# [Exercise instructions]
Restate word for word the lines between the start of the material and the line with "隨后,周口助夢公益團負責人王", keeping both of those ends and none of the pictures.

*** Exercise data ***

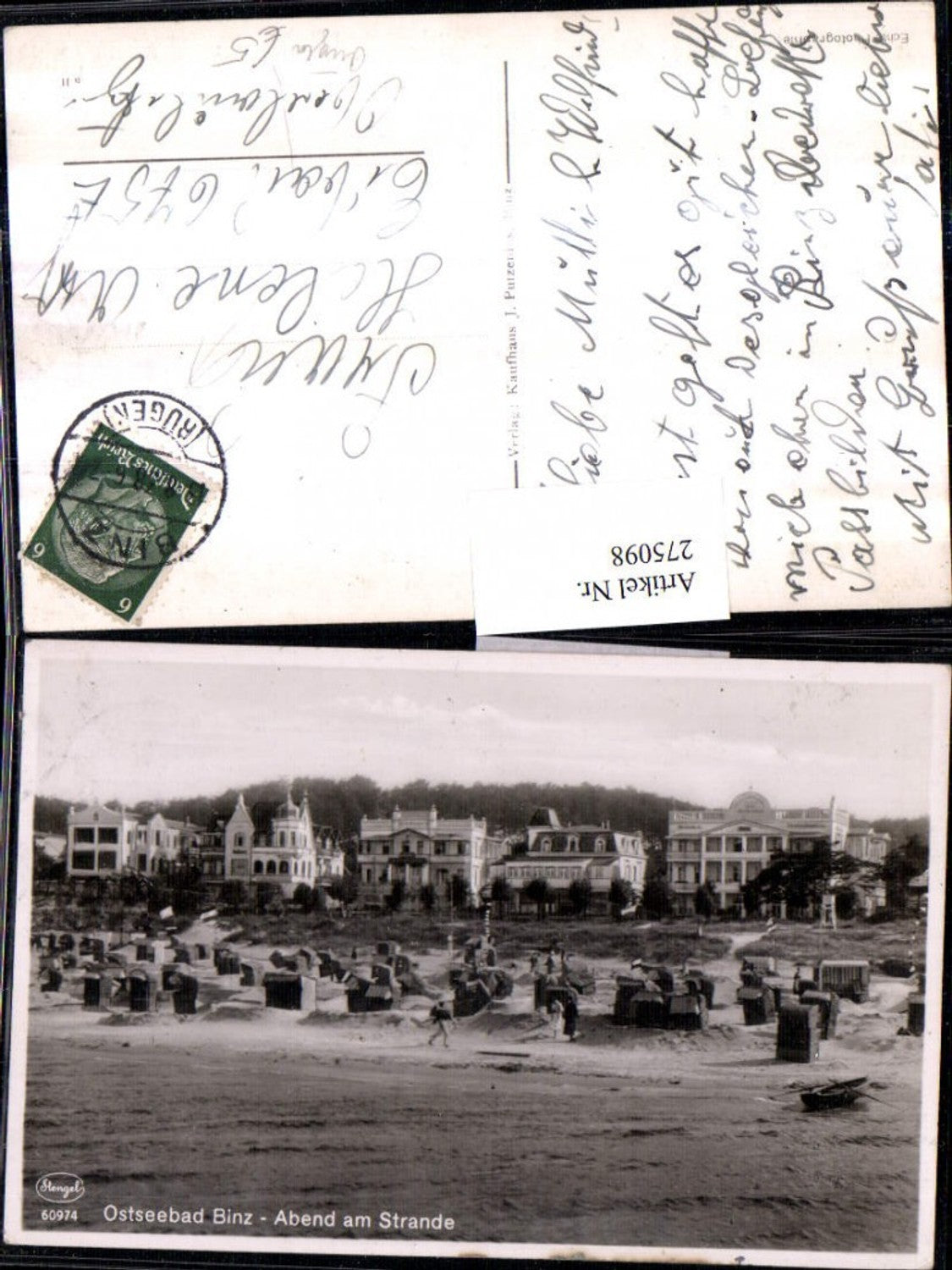 275098,Ostseebad Binz Abend am Strand Strandleben Strandkörbe
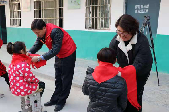 隨后,周口助夢公益團負責人王凱偉和清集鎮(zhèn)中心校校長王錦枝等人為公益團向楊莊小學捐建的“助夢愛心書屋”進行了揭牌。揭牌儀式后,王凱偉為師生們講解了交通安全知識,周口平安公司張敏團隊的志愿者們帶領學生們表演了勵志手語舞蹈《感恩的心》,民間網絡歌手韓留所為大家奉獻了《草原上升起不落的太陽》、《最美的歌唱給媽媽》等,贏得了師生們的陣陣掌聲和喝彩。
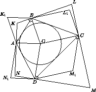 Четырехугольник ABCD описан около окружности. Биссектрисы внешних углов A и B пересекаются в точке K , внешних углов B и C – в точке L , внешних углов C и D – в точке M , внешних углов D и A – в точке N . Пусть K1 , L1 , M1 , N1 – точки пересечения высот треугольников ABK , BCL , CDM , DAN соответственно. Докажите, что четырехугольник K1L1M1N1 – параллелограмм.
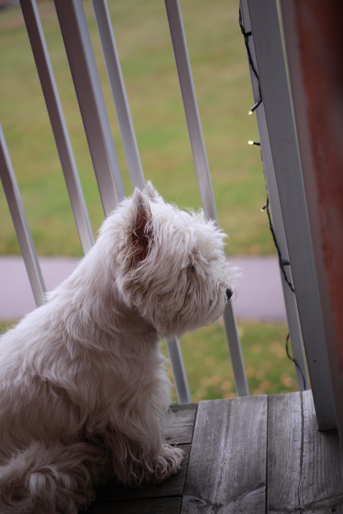 Ja ,vi tänkte göra klart med trimningen ,men det regnar så Elis är för våt om magen och benen.
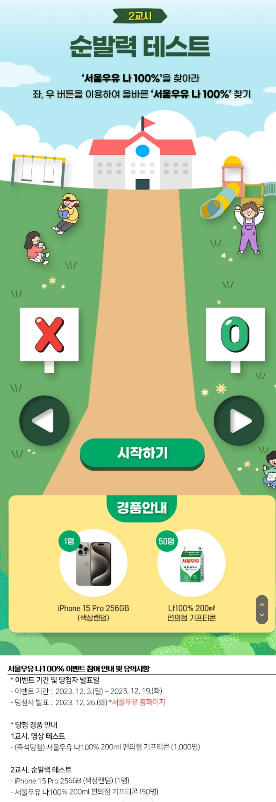 로그인 ❌️ 정답 : 신효소공법 매일 1일 3회 가능/ 공유시 1회 추가 https://promotion.seoulmilk.co.kr:446/event/202312_comfortMilk 내 속이 편안한 우유 “편안해지길 바래!” 이벤트서울우유 내 속이 편안한 우
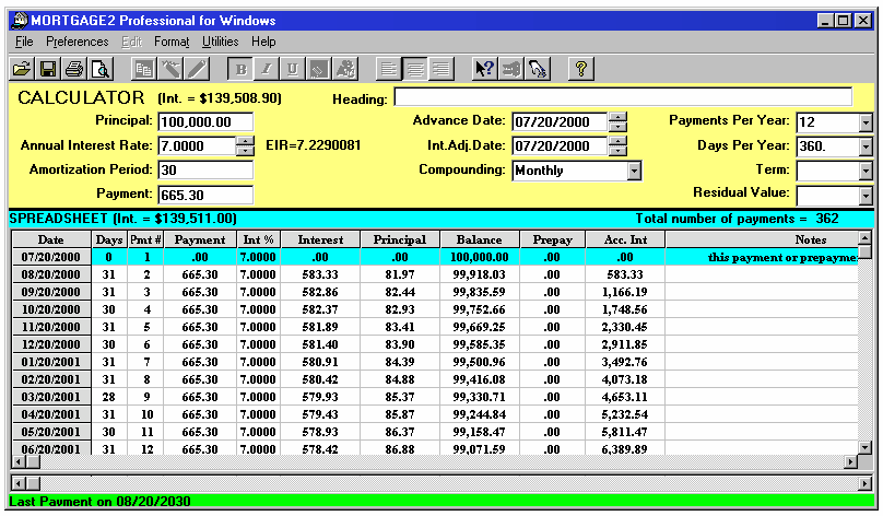 DIGRESSION (Screenshot 2) The initial Annual Interest Rate, typed into the calculator box, of 12% (1% per month) calculates the $100 interest portion of Pmt #1. The 6% annual interest rate, shown in green (.5% per month) typed into the Int% cell of pmt #2 calculates the $40 interest portion of pmt #3 (.005 x $8000 = $40). The 6% annual interest rate, shown in orange (.5% per month) typed into the Int% cell of pmt #5 calculates the $25 interest portion of pmt #6 (.005 x $5000 = $25). The prepayment figures in yellow where specifically chosen so the interest calculations were easy to see. This digression will help one understand why an extra payment was inserted at the start of the amortization schedule example shown below. Because the interest calculation for the very first payment in the amortization schedule is based upon 7%, the initial data, we can employ a unique feature in the MORTGAGE2 PRO PRO program. Place the cursor on the very first payment line of the schedule and insert a payment by clicking on the yellow pencil symbol. The new schedule will appear as below, (inserted payment shown in light blue); Change the interest rate to 5% for the first six months as shown below. Now make all the payments zero in the amortization spreadsheet, down to and including payment 73. This is actually a unique feature of MORTGAGE2 PRO PRO as it is generating a negative amortization schedule which has the same effect as doing a future value calculation on the monthly cash flow. The value (in green) $150,505.51 is the future value of a series of payments of 665.30 appreciating at 5% for the first six months and appreciating at 7% for the last 66 months. Using any financial calculator it is now possible to calculate the overall interest rate over the 72 month period, by doing a variation on the Present Value (PV) / Future Value (FV) keys. set PV= 100,000 FV= 150,505.51 n=6 years Calculate i%=7.05132 The interest calculated, 7.05132 (i%) represents the effective interest rate (EIR). The EIR is always greater than the stated annual interest rate (AIR) due to the method of compounding selected. By trial and error and typing in various Annual Interest Rates (AIR), starting with 6.7% on the MORTGAGE2 PRO calculator it does not take long to see that an AIR of 6.8332% with monthly compounding is exactly the same as an EIR of 7.05132%. ANSWER to QUESTION 1 If the ABC Lending Co. offered you a different annual interest rate of 6.8332% using monthly compounding it would be exactly the same as this 5% for the first six months smoke and mirrors option. To be consistent, in vernacular, you could also call this stated annual interest rate of 6.8332% with monthly compounding, the overall interest rate as mentioned early in the example. In a perfectly simple world all you would need to know, in order to compare this smoke and mirror option, is the EIR of 7.05132% vs 7.2290%. When you borrow any money you are always paying the EIR because that is the rate you would be getting if you borrowed money from yourself and reinvested each monthly payment at the same rate payable to yourself (this is called deemed reinvestment). The 7.2290 is the EIR of the mortgage at 7% with monthly compounding, over the 72 months.
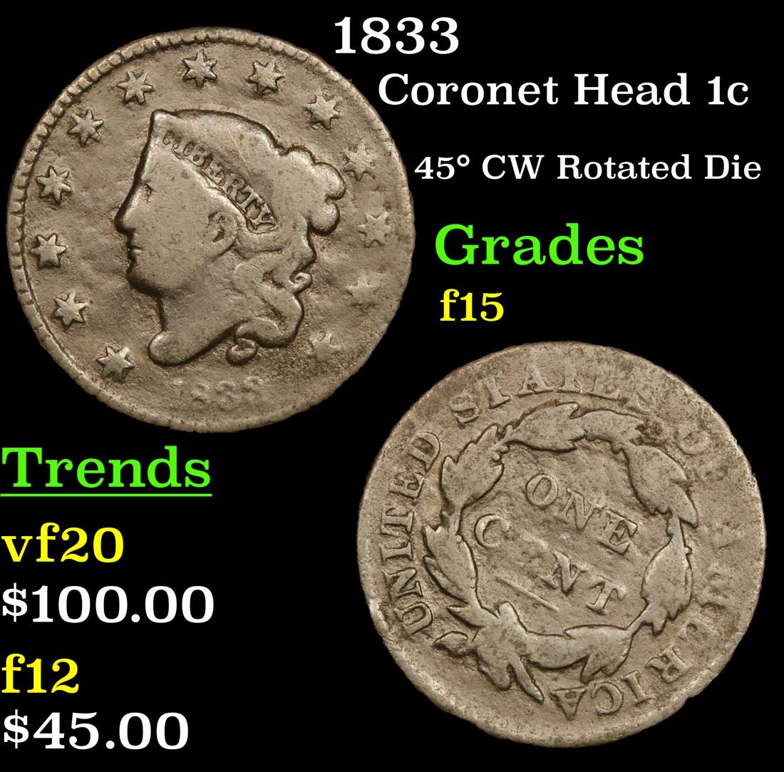 1833 45° CW Rotated Die . Coronet Head Large Cent 1c Grades f+.

*** End of Exercise data ***

# [Answer for the task]
 275098,Ostseebad Binz Abend am Strand Strandleben Strandkörbe
 隨后,周口助夢公益團負責人王凱偉和清集鎮(zhèn)中心校校長王錦枝等人為公益團向楊莊小學捐建的“助夢愛心書屋”進行了揭牌。揭牌儀式后,王凱偉為師生們講解了交通安全知識,周口平安公司張敏團隊的志愿者們帶領學生們表演了勵志手語舞蹈《感恩的心》,民間網絡歌手韓留所為大家奉獻了《草原上升起不落的太陽》、《最美的歌唱給媽媽》等,贏得了師生們的陣陣掌聲和喝彩。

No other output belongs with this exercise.